■ Task objective ■
The records below are to be transcribed in full, exactly as given.

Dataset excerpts
--- START ---

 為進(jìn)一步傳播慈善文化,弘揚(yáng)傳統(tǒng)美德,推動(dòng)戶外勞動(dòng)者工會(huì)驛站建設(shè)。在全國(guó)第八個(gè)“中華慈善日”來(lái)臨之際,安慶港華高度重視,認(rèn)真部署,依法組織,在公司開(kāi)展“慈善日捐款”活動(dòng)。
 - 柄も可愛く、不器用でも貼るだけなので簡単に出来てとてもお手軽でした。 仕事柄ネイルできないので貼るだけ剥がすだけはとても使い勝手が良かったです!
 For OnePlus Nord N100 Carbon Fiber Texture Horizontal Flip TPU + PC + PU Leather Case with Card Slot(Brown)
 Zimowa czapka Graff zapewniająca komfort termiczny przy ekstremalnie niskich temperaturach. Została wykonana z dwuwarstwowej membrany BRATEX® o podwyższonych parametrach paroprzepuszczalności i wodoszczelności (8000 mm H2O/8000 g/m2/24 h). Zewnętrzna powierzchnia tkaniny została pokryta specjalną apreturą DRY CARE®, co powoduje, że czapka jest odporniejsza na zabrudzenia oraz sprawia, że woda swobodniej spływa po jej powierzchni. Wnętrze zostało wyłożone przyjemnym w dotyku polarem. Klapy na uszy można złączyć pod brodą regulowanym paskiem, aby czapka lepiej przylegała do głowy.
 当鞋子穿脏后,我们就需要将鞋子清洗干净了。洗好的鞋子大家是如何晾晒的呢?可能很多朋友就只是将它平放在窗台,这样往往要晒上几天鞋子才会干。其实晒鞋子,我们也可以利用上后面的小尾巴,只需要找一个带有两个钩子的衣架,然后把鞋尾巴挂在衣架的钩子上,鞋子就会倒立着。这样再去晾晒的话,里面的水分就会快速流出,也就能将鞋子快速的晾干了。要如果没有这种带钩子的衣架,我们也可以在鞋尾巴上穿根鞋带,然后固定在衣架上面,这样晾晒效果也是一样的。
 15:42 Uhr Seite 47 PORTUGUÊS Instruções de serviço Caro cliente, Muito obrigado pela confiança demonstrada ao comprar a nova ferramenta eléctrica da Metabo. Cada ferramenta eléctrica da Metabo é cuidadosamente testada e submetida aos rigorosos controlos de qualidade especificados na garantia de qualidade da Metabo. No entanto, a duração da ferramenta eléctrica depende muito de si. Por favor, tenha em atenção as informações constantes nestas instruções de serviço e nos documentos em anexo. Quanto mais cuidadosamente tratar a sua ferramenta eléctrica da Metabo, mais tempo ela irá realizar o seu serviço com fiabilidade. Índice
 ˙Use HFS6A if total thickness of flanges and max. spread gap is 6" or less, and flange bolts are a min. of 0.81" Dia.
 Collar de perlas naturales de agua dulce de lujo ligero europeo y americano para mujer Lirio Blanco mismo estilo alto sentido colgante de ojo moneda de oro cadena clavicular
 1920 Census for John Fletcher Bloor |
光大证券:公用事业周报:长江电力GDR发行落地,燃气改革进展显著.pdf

--- END ---

■ Reply to the exercise ■
 為進(jìn)一步傳播慈善文化,弘揚(yáng)傳統(tǒng)美德,推動(dòng)戶外勞動(dòng)者工會(huì)驛站建設(shè)。在全國(guó)第八個(gè)“中華慈善日”來(lái)臨之際,安慶港華高度重視,認(rèn)真部署,依法組織,在公司開(kāi)展“慈善日捐款”活動(dòng)。
 - 柄も可愛く、不器用でも貼るだけなので簡単に出来てとてもお手軽でした。 仕事柄ネイルできないので貼るだけ剥がすだけはとても使い勝手が良かったです!
 For OnePlus Nord N100 Carbon Fiber Texture Horizontal Flip TPU + PC + PU Leather Case with Card Slot(Brown)
 Zimowa czapka Graff zapewniająca komfort termiczny przy ekstremalnie niskich temperaturach. Została wykonana z dwuwarstwowej membrany BRATEX® o podwyższonych parametrach paroprzepuszczalności i wodoszczelności (8000 mm H2O/8000 g/m2/24 h). Zewnętrzna powierzchnia tkaniny została pokryta specjalną apreturą DRY CARE®, co powoduje, że czapka jest odporniejsza na zabrudzenia oraz sprawia, że woda swobodniej spływa po jej powierzchni. Wnętrze zostało wyłożone przyjemnym w dotyku polarem. Klapy na uszy można złączyć pod brodą regulowanym paskiem, aby czapka lepiej przylegała do głowy.
 当鞋子穿脏后,我们就需要将鞋子清洗干净了。洗好的鞋子大家是如何晾晒的呢?可能很多朋友就只是将它平放在窗台,这样往往要晒上几天鞋子才会干。其实晒鞋子,我们也可以利用上后面的小尾巴,只需要找一个带有两个钩子的衣架,然后把鞋尾巴挂在衣架的钩子上,鞋子就会倒立着。这样再去晾晒的话,里面的水分就会快速流出,也就能将鞋子快速的晾干了。要如果没有这种带钩子的衣架,我们也可以在鞋尾巴上穿根鞋带,然后固定在衣架上面,这样晾晒效果也是一样的。
 15:42 Uhr Seite 47 PORTUGUÊS Instruções de serviço Caro cliente, Muito obrigado pela confiança demonstrada ao comprar a nova ferramenta eléctrica da Metabo. Cada ferramenta eléctrica da Metabo é cuidadosamente testada e submetida aos rigorosos controlos de qualidade especificados na garantia de qualidade da Metabo. No entanto, a duração da ferramenta eléctrica depende muito de si. Por favor, tenha em atenção as informações constantes nestas instruções de serviço e nos documentos em anexo. Quanto mais cuidadosamente tratar a sua ferramenta eléctrica da Metabo, mais tempo ela irá realizar o seu serviço com fiabilidade. Índice
 ˙Use HFS6A if total thickness of flanges and max. spread gap is 6" or less, and flange bolts are a min. of 0.81" Dia.
 Collar de perlas naturales de agua dulce de lujo ligero europeo y americano para mujer Lirio Blanco mismo estilo alto sentido colgante de ojo moneda de oro cadena clavicular
 1920 Census for John Fletcher Bloor |
光大证券:公用事业周报:长江电力GDR发行落地,燃气改革进展显著.pdf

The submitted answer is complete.